> [WHAT IS NEEDED]
Everything in the data below is left aside except the lines from the one containing "关于召开中国卫生经济学会第二十三次年会暨基层卫生经济专业委员会年会的通知" through the one containing "Брюки Green Hill"; repeat those exactly.

> [AVAILABLE DATA]
-*-
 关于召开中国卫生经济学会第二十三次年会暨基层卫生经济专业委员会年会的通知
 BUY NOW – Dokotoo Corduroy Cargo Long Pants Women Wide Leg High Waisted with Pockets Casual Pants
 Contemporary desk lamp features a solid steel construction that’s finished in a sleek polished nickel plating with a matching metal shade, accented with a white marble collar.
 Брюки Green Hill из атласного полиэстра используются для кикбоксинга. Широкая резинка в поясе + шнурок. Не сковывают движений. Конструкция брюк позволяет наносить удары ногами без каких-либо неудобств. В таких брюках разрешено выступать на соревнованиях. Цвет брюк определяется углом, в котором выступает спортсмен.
-*-
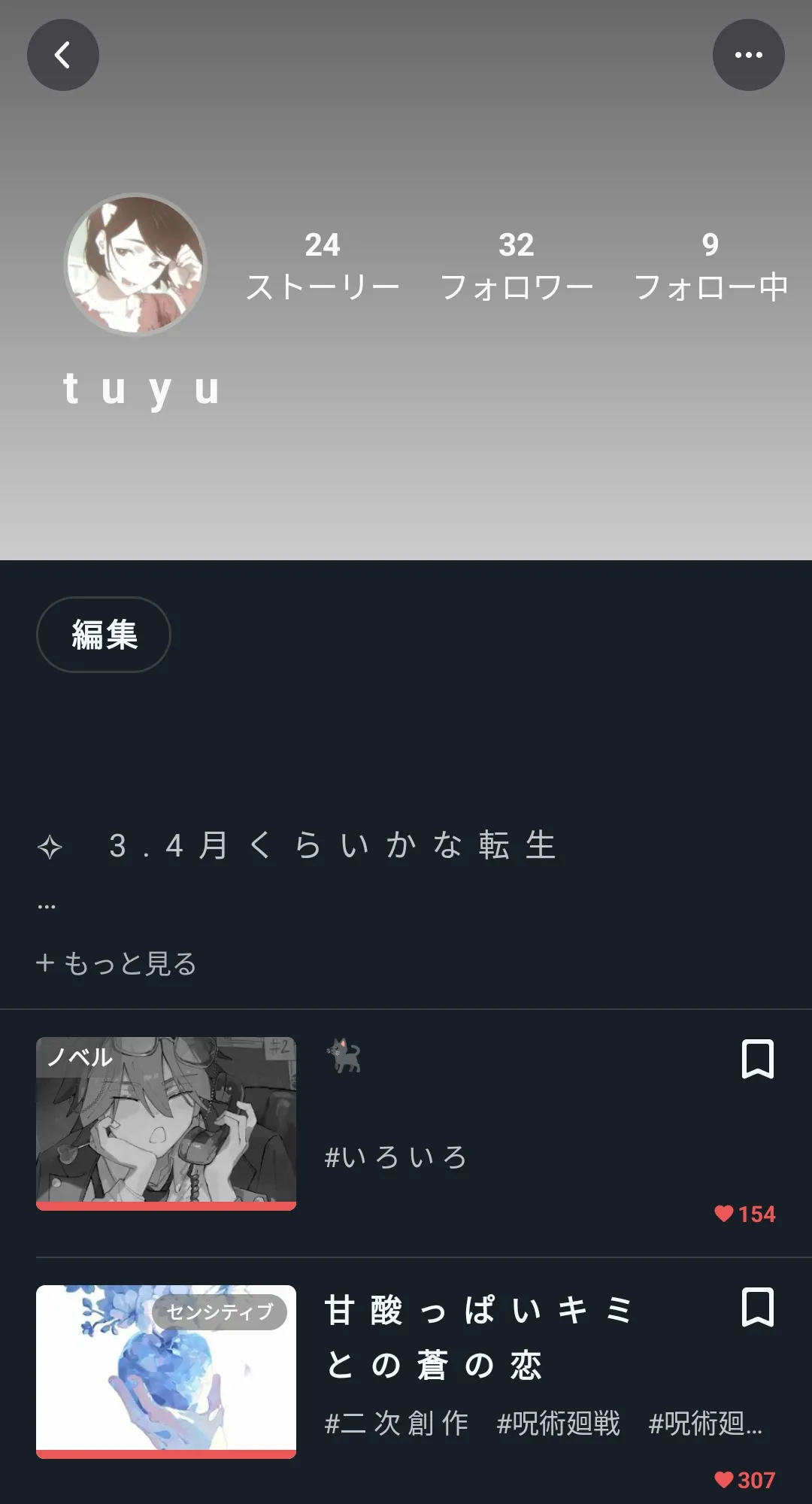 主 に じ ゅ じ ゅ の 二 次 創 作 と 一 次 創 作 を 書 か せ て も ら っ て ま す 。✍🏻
-*-
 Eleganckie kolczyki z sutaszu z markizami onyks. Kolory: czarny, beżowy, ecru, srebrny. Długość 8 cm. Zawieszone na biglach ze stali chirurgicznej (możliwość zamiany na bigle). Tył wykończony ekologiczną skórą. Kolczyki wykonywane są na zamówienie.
-*-
> [ANSWER TO THIS EXERCISE]
 关于召开中国卫生经济学会第二十三次年会暨基层卫生经济专业委员会年会的通知
 BUY NOW – Dokotoo Corduroy Cargo Long Pants Women Wide Leg High Waisted with Pockets Casual Pants
 Contemporary desk lamp features a solid steel construction that’s finished in a sleek polished nickel plating with a matching metal shade, accented with a white marble collar.
 Брюки Green Hill из атласного полиэстра используются для кикбоксинга. Широкая резинка в поясе + шнурок. Не сковывают движений. Конструкция брюк позволяет наносить удары ногами без каких-либо неудобств. В таких брюках разрешено выступать на соревнованиях. Цвет брюк определяется углом, в котором выступает спортсмен.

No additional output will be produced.